Reproduce the lines below exactly. Skip images.
-- TASK INPUTS follows --
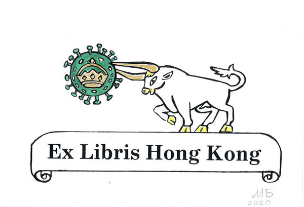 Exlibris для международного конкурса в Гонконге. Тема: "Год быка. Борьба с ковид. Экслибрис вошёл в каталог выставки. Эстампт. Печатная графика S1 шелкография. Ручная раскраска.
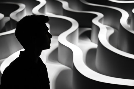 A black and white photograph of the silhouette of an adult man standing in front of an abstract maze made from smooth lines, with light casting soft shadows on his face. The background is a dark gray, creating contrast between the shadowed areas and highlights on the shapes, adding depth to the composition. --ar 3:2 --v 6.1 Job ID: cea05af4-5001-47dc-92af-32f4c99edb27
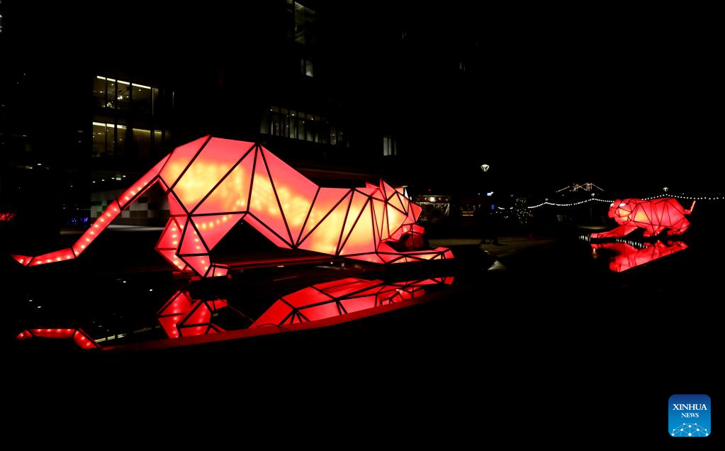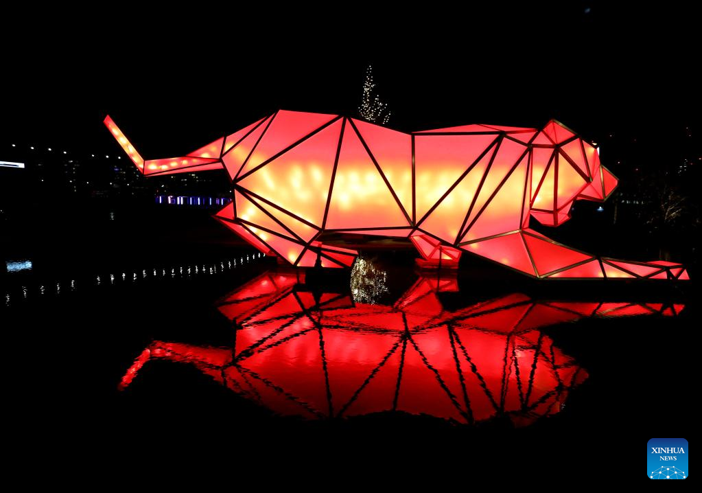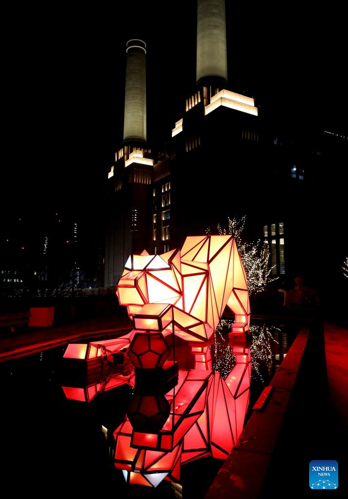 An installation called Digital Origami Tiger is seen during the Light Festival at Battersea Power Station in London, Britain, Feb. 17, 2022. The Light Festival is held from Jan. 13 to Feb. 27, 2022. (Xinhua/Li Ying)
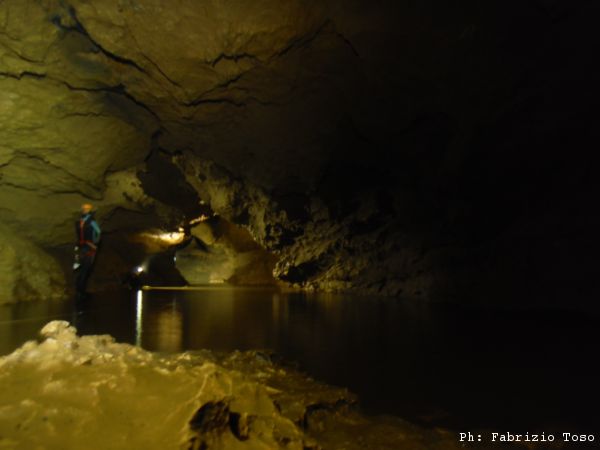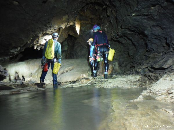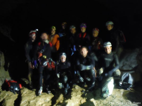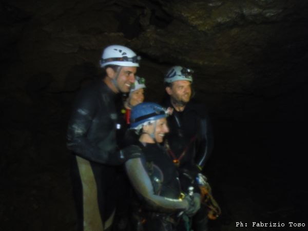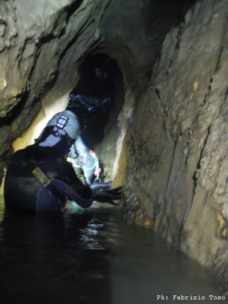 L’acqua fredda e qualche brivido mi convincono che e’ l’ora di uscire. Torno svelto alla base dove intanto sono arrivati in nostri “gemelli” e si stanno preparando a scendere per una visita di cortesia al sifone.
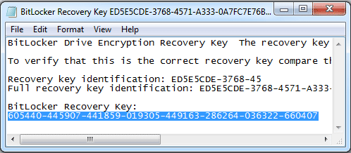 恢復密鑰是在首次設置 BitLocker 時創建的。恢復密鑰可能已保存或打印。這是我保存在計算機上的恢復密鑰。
-- TASK INPUTS concluded --
> _WRITTEN REPLY_:
 Exlibris для международного конкурса в Гонконге. Тема: "Год быка. Борьба с ковид. Экслибрис вошёл в каталог выставки. Эстампт. Печатная графика S1 шелкография. Ручная раскраска.
 A black and white photograph of the silhouette of an adult man standing in front of an abstract maze made from smooth lines, with light casting soft shadows on his face. The background is a dark gray, creating contrast between the shadowed areas and highlights on the shapes, adding depth to the composition. --ar 3:2 --v 6.1 Job ID: cea05af4-5001-47dc-92af-32f4c99edb27
 An installation called Digital Origami Tiger is seen during the Light Festival at Battersea Power Station in London, Britain, Feb. 17, 2022. The Light Festival is held from Jan. 13 to Feb. 27, 2022. (Xinhua/Li Ying)
 L’acqua fredda e qualche brivido mi convincono che e’ l’ora di uscire. Torno svelto alla base dove intanto sono arrivati in nostri “gemelli” e si stanno preparando a scendere per una visita di cortesia al sifone.
 恢復密鑰是在首次設置 BitLocker 時創建的。恢復密鑰可能已保存或打印。這是我保存在計算機上的恢復密鑰。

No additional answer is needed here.